The problem - Your answer must consist of exactly the lines below, starting with the line with "3일 비스테이지는 인피니트컴퍼니가" and going on through the line with "Summary: This paper", and nothing else.

Data listing -
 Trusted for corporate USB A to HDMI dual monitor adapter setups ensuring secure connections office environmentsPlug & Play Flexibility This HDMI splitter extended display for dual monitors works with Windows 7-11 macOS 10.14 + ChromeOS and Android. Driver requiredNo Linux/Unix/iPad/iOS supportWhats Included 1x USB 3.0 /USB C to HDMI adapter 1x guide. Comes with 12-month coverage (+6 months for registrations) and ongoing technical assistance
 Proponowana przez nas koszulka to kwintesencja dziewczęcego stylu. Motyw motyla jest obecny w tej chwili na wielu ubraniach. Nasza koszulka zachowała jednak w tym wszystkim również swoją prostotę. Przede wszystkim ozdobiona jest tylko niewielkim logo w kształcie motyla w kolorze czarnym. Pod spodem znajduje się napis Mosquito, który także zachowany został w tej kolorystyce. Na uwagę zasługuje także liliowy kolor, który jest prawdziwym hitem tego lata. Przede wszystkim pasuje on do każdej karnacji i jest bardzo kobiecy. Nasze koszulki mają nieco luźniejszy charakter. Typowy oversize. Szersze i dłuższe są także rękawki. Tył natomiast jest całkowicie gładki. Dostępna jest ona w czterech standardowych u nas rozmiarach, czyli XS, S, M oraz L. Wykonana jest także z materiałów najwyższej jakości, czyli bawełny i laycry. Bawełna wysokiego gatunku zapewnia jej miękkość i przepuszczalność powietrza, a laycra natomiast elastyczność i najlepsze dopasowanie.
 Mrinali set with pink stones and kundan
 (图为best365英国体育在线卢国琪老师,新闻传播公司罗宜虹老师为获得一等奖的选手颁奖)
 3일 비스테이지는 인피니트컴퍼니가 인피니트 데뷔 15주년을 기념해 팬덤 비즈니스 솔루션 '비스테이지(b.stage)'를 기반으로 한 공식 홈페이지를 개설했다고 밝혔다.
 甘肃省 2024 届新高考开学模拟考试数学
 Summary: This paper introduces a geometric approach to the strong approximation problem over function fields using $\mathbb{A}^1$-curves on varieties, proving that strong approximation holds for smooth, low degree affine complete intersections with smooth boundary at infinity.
* * *
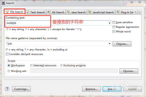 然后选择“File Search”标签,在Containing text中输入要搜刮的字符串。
...
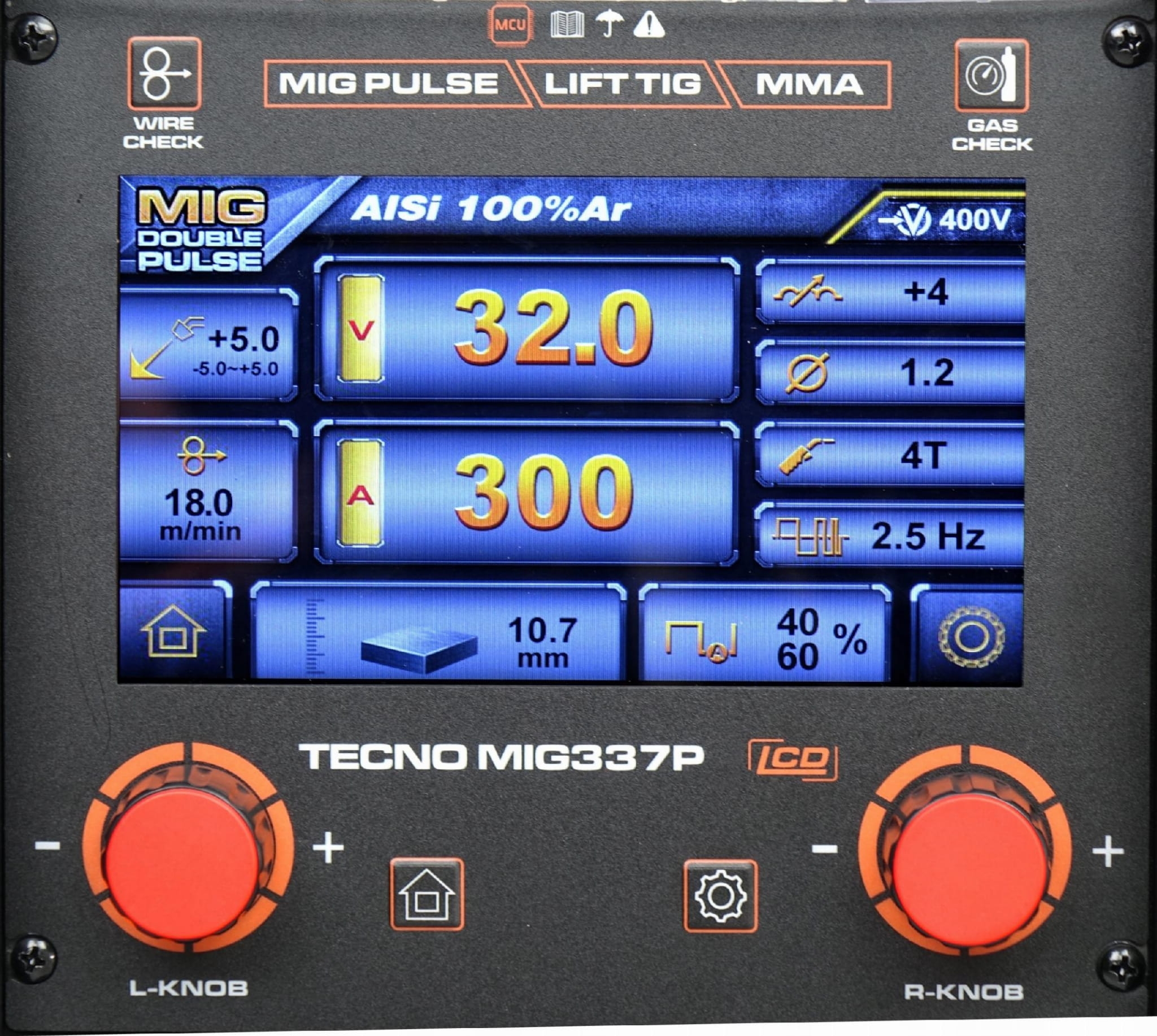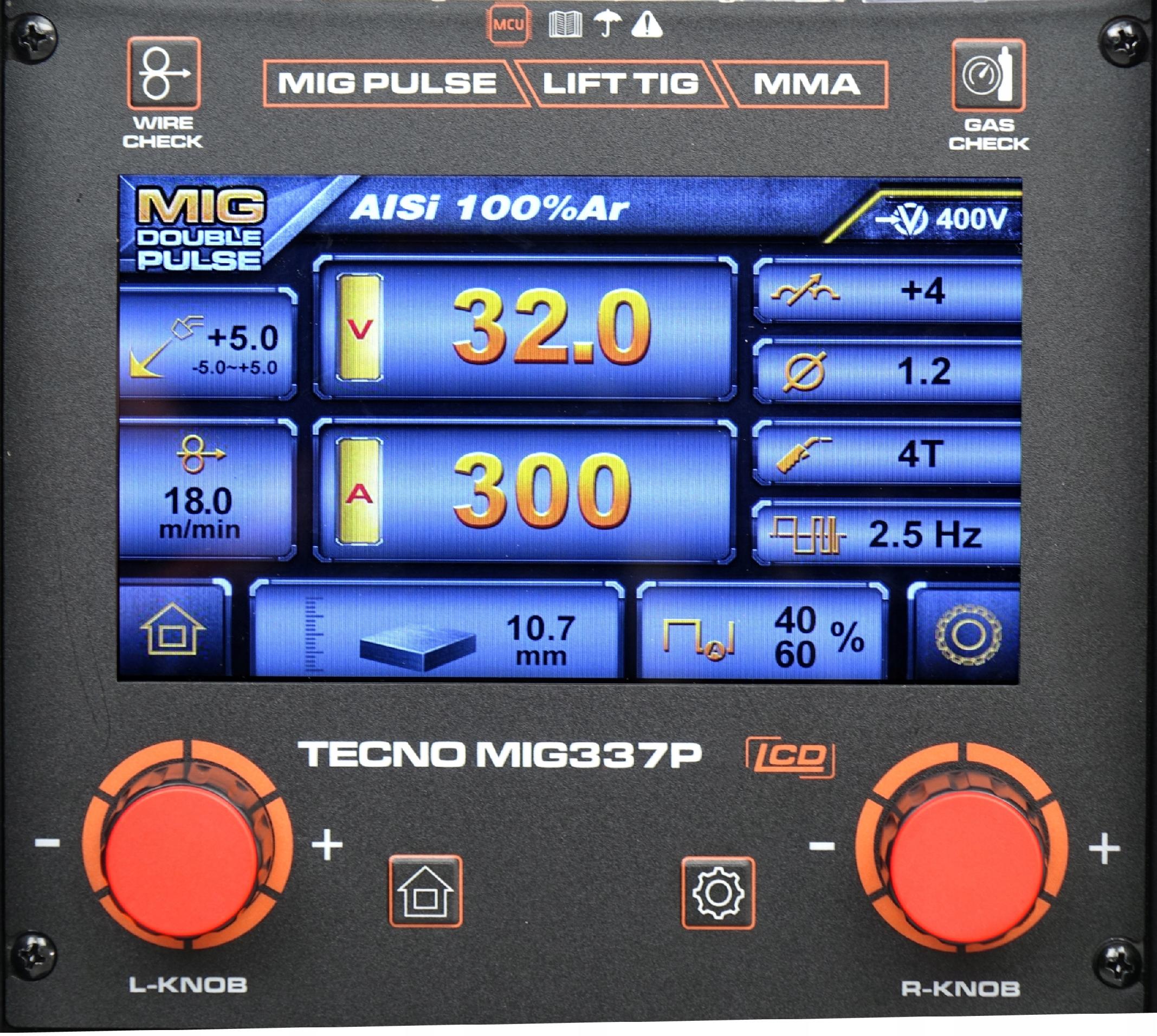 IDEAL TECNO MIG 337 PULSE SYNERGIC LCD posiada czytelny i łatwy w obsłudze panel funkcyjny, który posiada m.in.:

Reply to the task -
 3일 비스테이지는 인피니트컴퍼니가 인피니트 데뷔 15주년을 기념해 팬덤 비즈니스 솔루션 '비스테이지(b.stage)'를 기반으로 한 공식 홈페이지를 개설했다고 밝혔다.
 甘肃省 2024 届新高考开学模拟考试数学
 Summary: This paper introduces a geometric approach to the strong approximation problem over function fields using $\mathbb{A}^1$-curves on varieties, proving that strong approximation holds for smooth, low degree affine complete intersections with smooth boundary at infinity.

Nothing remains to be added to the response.